Copy, please, the line with "Ancak Büyükşehir Belediyesi" and each line that follows it through the end of the data below, exactly as given and without pictures.
** Opening Data below block **
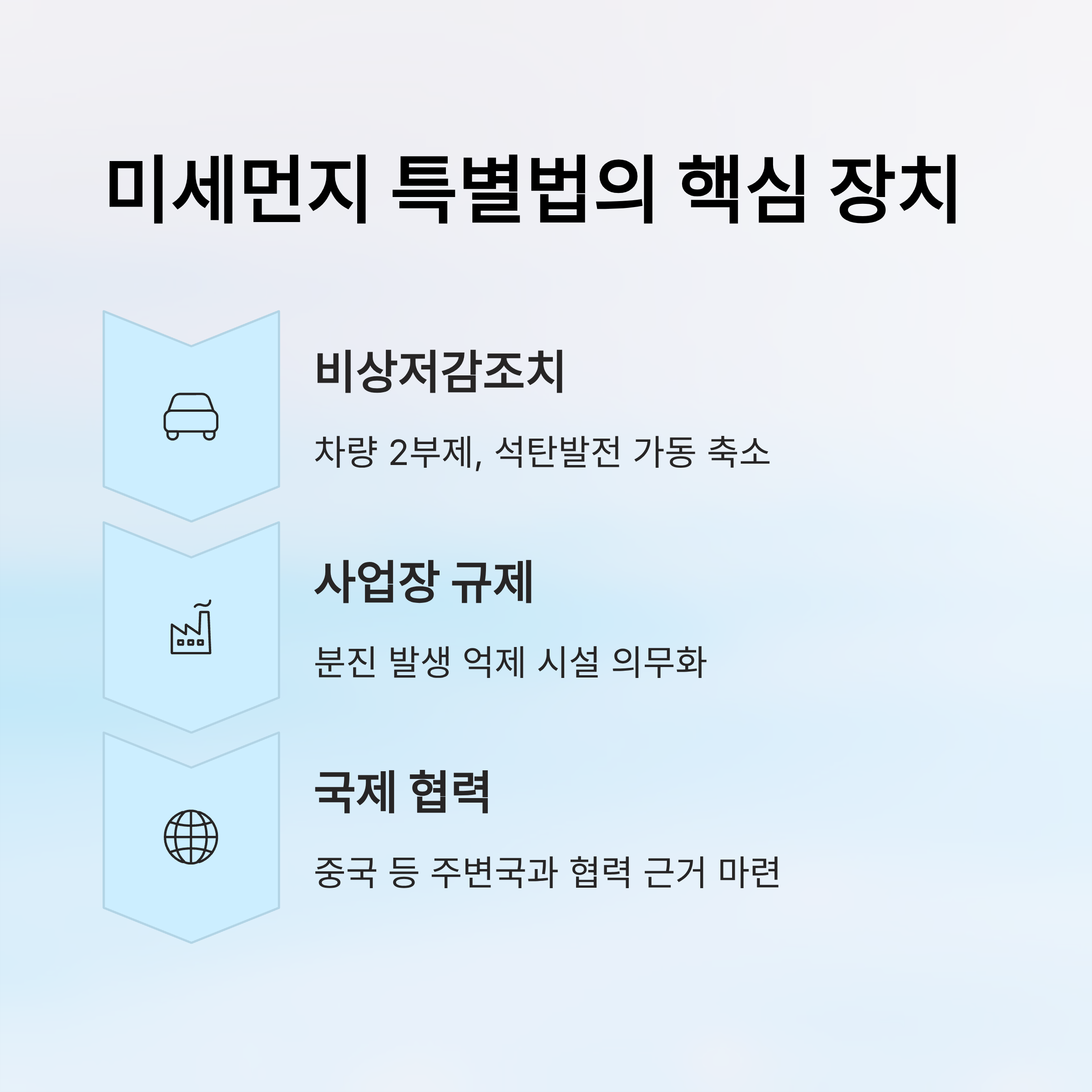 이 법은 크게 세 가지 핵심 장치를 담고 있습니다. 첫째, 고농도 미세먼지 비상저감조치로 차량 2부제, 공공기관 차량 운행 제한, 석탄발전 가동 축소 등이 포함됩니다. 둘째, 사업장·건설현장 규제로 분진 발생 억제 시설 설치 의무화와 배출 기준 강화가 있습니다. 셋째, 국제 협력 조항으로 중국 등 주변국과의 협력 근거도 포함되었습니다.
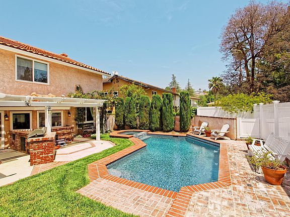 Dreams do come true in this upgraded 5 bedrooms Porter Ranch pool home* Magnificent & breathtaking exterior* Gourmet chef’s kitchen with granite counters, custom cabinets, stainless steel Viking appliances including 6 burner cooktop, walk-in pantry, double oven, oversized kitchen sink, recessed ceiling & eat-in area* Adjacent family room with fireplace* Crown moldings in the living room(fireplace) & formal dining room* Enormous upstairs bonus room with 2 balconies & vaulted ceiling* Master suite that offers a fireplace, walk-in closet, & private bath with separate tub and shower* Marble counter & flooring in the upstairs hallway bathroom that boasts double sinks, a jetted tub and separate shower* Dual pane windows throughout* Harwood flooring* Recessed lighting* Dual zone A/C* Circular staircase* Formal entry* Gorgeous rear yard that features a built-in BBQ center, covered patio with ceiling fan, beautiful pool & spa with brick decking, and large grassy area to entertain your friends and family on those hot summer days* Large 3 car garage with built-in cabinets* Award winning schools including Granada Hills Charter HS!!
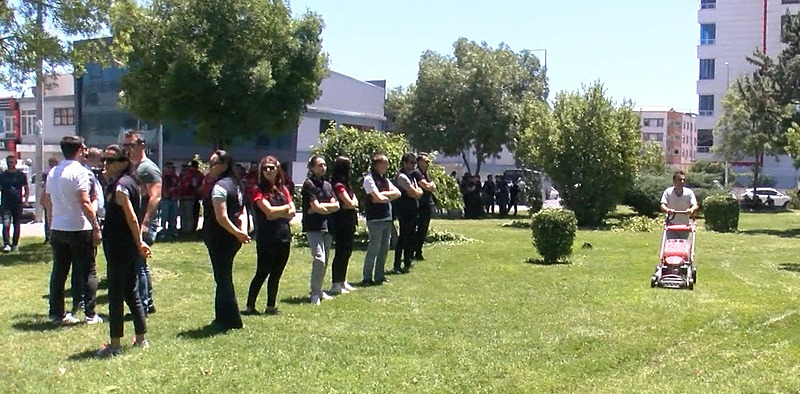 Ancak Büyükşehir Belediyesi önündeki yenileme çalışmaları nedeniyle kalabalık, Bağlar Belediyesi bahçesinde çadır kurarak eylem yapmaya karar verdi. Grubun basın açıklaması yaptığı sırada, belediyenin park görevlileri de bölgede çim makineleri ile çalışma yapmaya başladı.
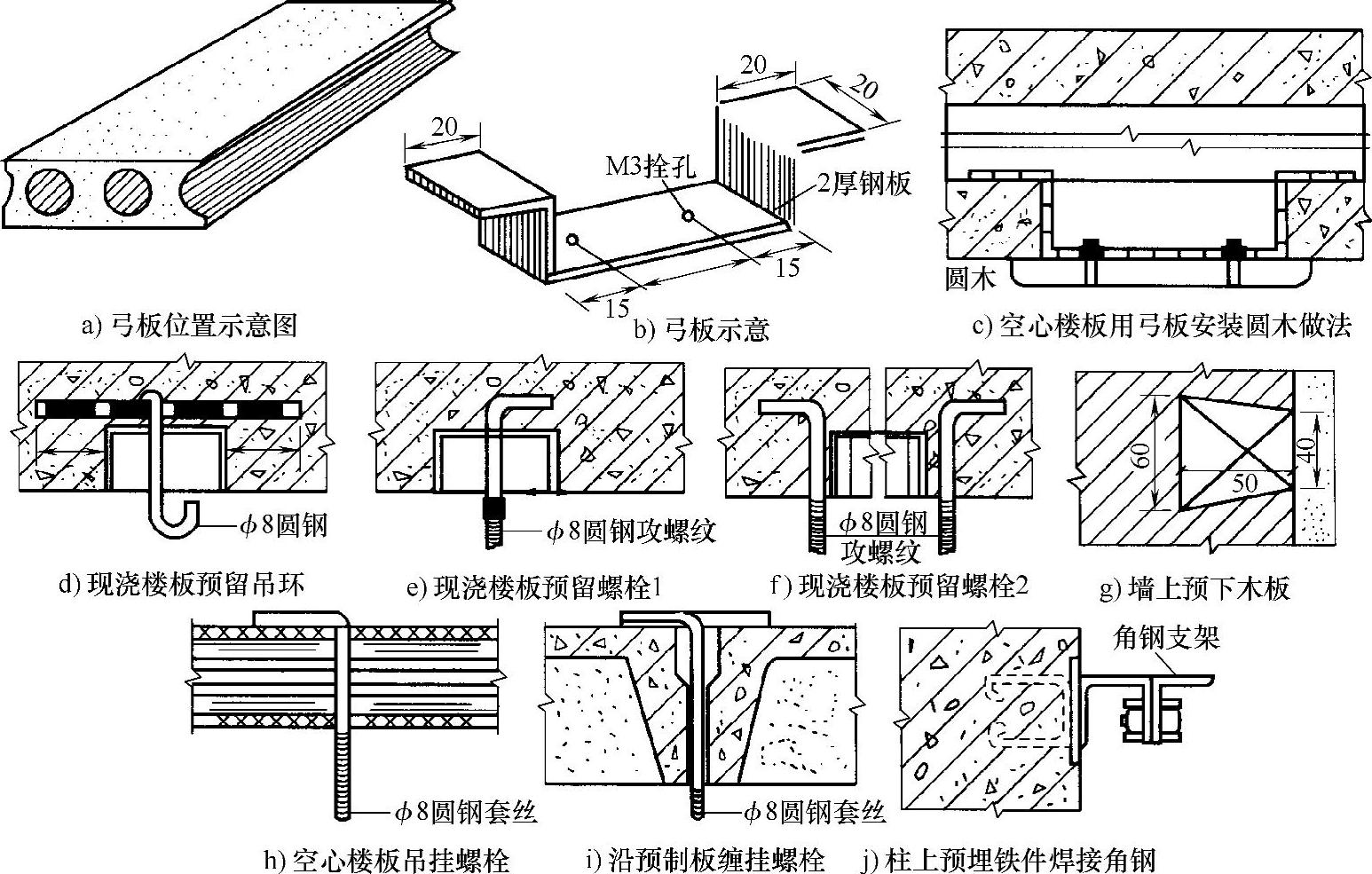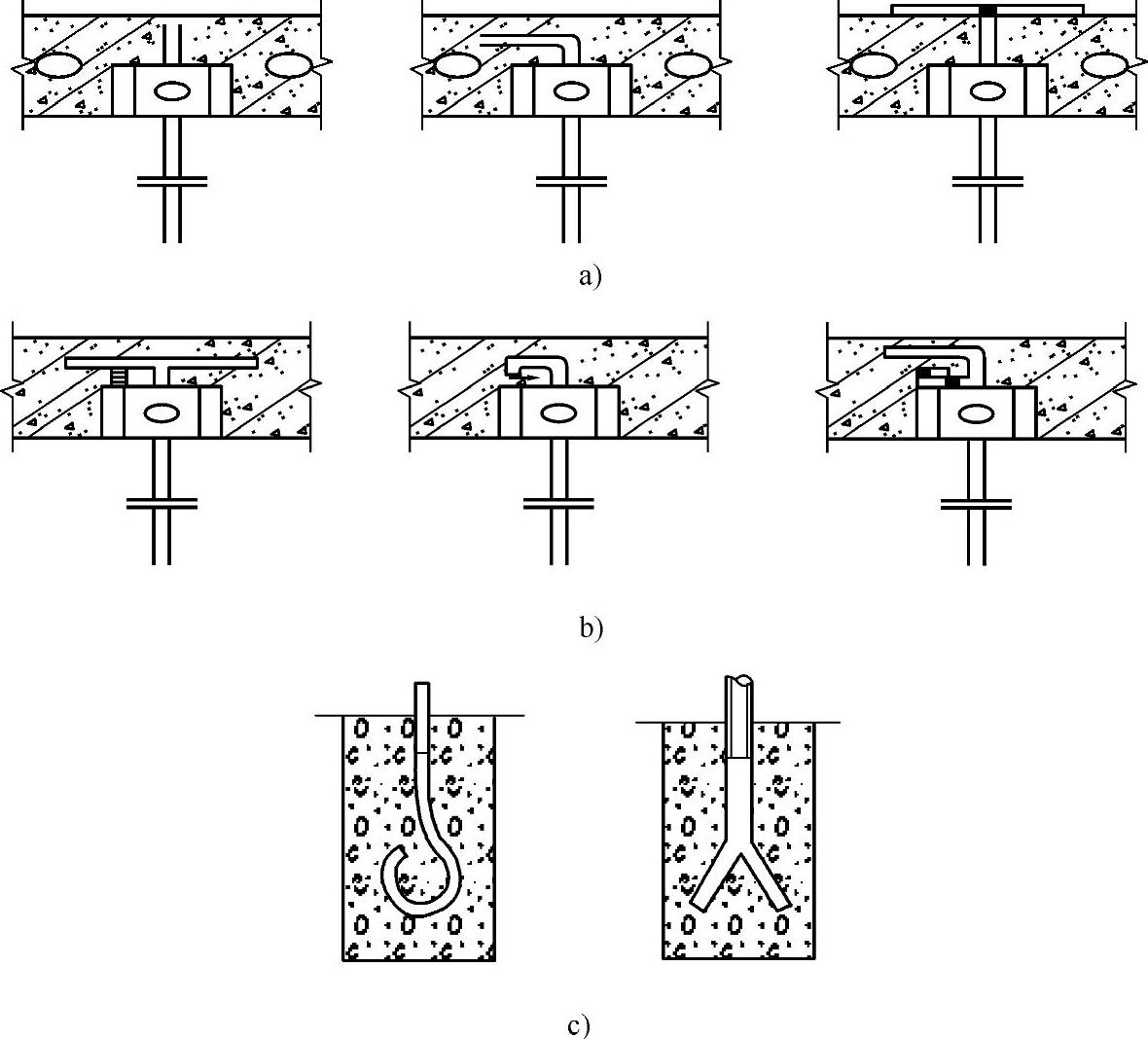图3-3 常用吊钩、吊挂螺栓预埋方法
** Closing Data below block **
Reply:
 Ancak Büyükşehir Belediyesi önündeki yenileme çalışmaları nedeniyle kalabalık, Bağlar Belediyesi bahçesinde çadır kurarak eylem yapmaya karar verdi. Grubun basın açıklaması yaptığı sırada, belediyenin park görevlileri de bölgede çim makineleri ile çalışma yapmaya başladı.
图3-3 常用吊钩、吊挂螺栓预埋方法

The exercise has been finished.